An End-to-End Model Based on Improved Adaptive Deep Belief Network and Its Application to Bearing Fault Diagnosis

Effective machinery prognostics and health management play a crucial role in ensuring the safe and continuous operation of equipment, and satisfactory characteristics' expression of machine health status plays a key role in the ability to diagnose faults with high accuracy. At present, most methods based on signal processing and the shallow learning model rely on artificial feature extraction to identify the machine fault type. In practical applications, however, meaningful health management requires correct recognition of not only the health type but also the fault degree, if any occurs. Such recognition is useful for determining the priority level of mechanical maintenance and minimizing economic losses. Deep learning techniques, such as deep belief network (DBN), have demonstrated great potential in exploring characteristic information from machine status signals. In this paper, an end-to-end fault diagnosis model based on an adaptive DBN optimized by the Nesterov moment (NM) is proposed to extract deep representative features from rotating machinery and recognize bearing fault types and degrees simultaneously.

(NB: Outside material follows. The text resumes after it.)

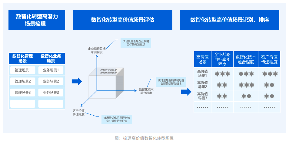 企业可以从数智化管理场景和数智化业务场景两个维度进行全面梳理,以数智化技术融合程度、企业战略目标牵引程度、客户价值传递程度等因素,全面构建高价值数智化转型场景评估框架。

Frequency-domain signals are inputted into the model for feature learning, and NM is introduced to the training process of the DBN model. Individual adaptive learning rate algorithms are then applied to optimize parameter updating. The performance of the proposed method is validated using a self-made bearing fault test platform, and the model is shown to achieve satisfactory convergence and a testing accuracy higher than those obtained from standard DBN and support vector machine.